Then there are at least 30 official variations of ASCII, strictly
speaking part of ISO-646. These 7-bit codes were commonly called "ASCII"
by their users, despite the differences, e.g. replacing the dollar sign $
with the international currency sign ¤, or replacing the left brace
{ with the letter s with caron š.

One consequence of this is that the MIME type for ASCII text is called
"US ASCII", despite the redundancy, because many people expect "ASCII"
alone to mean whatever national variation they are used to.
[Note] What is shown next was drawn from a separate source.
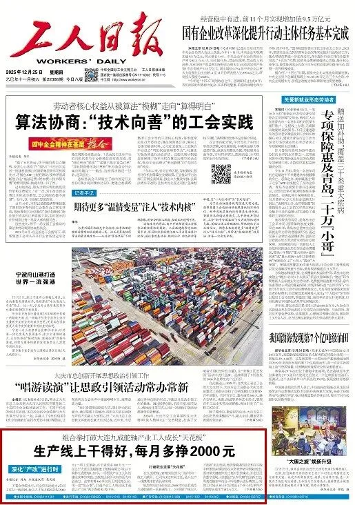 不看文凭看水平,不论资历论能力;车间主任从一线选拔,拔尖人才每月最高补贴2000元;一项工艺革新,年节省成本300万元……在辽宁大连九成船舶重工舵轴有限公司(以下简称九成舵轴),如今,一场围绕产业工人队伍建设改革的实践,正激发出前所未有的活力与创造力。这家有着400多名员工的民营企业,用一套“组合拳”,打通产业工人成长成才通道,让“工匠”真正香起来、稳下来。
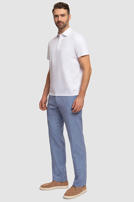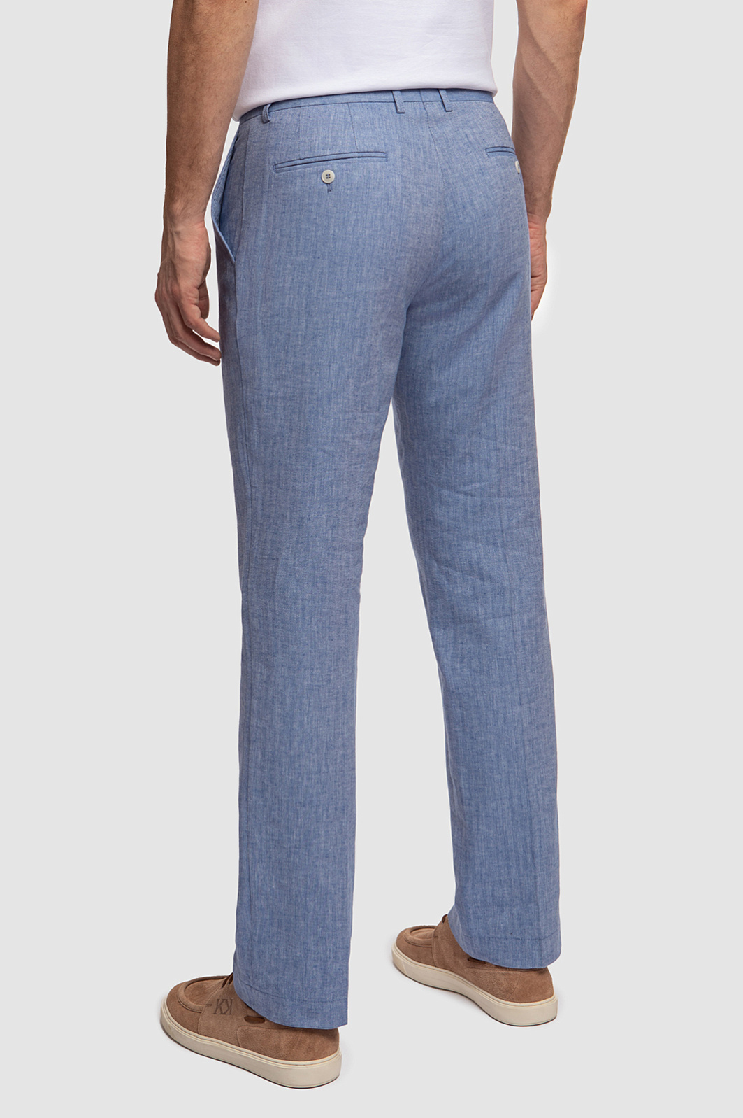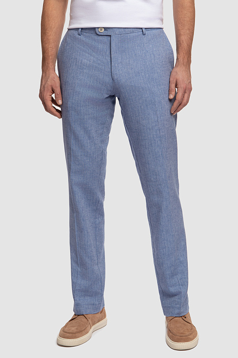 Брюки изо льна и хлопка голубого цвета, цвет голубой, цена 10 990 руб., код 267089 - купить в Нижнем Новгороде в интернет-магазине KANZLER

But it gets worse: there are proprietary variations on ASCII which are
commonly called "ASCII" but aren't, including dozens of 8-bit so-called
"extended ASCII" character sets, which is where the problems *really*
pile up. Invariably back in the 1980s and early 1990s people used to call
these "ASCII" no matter that they used 8-bits and contained anything up
to 256 characters.

Just because somebody calls something "ASCII", doesn't make it so; even
if it is ASCII, doesn't mean you know which version of ASCII; even if you
know which version, doesn't mean you know how to interpret certain codes.
It simply is *wrong* to think that "good ol' plain ASCII text" is
unambiguous and devoid of problems.

> With unicode there are in-memory formats, transportation formats eg
> UTF-8,

And the same applies to ASCII.

ASCII is a *seven-bit code*. It will work fine on computers where the
word-size is seven bits. If the word-size is eight bits, or more, you
have to pad the ASCII code. How do you do that? Pad the most-significant
end or the least significant end? That's a choice there. How do you pad
it, with a zero or a one? That's another choice. If your word-size is
more than eight bits, you might even pad *both* ends.

In C, a char is defined as the smallest addressable unit of the machine
that can contain basic character set, not necessarily eight bits.
Implementations of C and C++ sometimes reserve 8, 9, 16, 32, or 36 bits
as a "byte" and/or char. Your in-memory representation of ASCII "a" could
easily end up as bits 001100001 or 0000000001100001.

And then there is the question of whether ASCII characters should be Big
Endian or Little Endian. I'm referring here to bit endianness, rather
than bytes: should character 'a' be represented as bits 1100001 (most
significant bit to the left) or 1000011 (least significant bit to the
left)? This may be relevant with certain networking protocols. Not all
networking protocols are big-endian, nor are all processors. The Ada
programming language even supports both bit orders.

When transmitting ASCII characters, the networking protocol could include
various start and stop bits and parity codes. A single 7-bit ASCII
character might be anything up to 12 bits in length on the wire. It is
simply naive to imagine that the transmission of ASCII codes is the same
as the in-memory or on-disk storage of ASCII.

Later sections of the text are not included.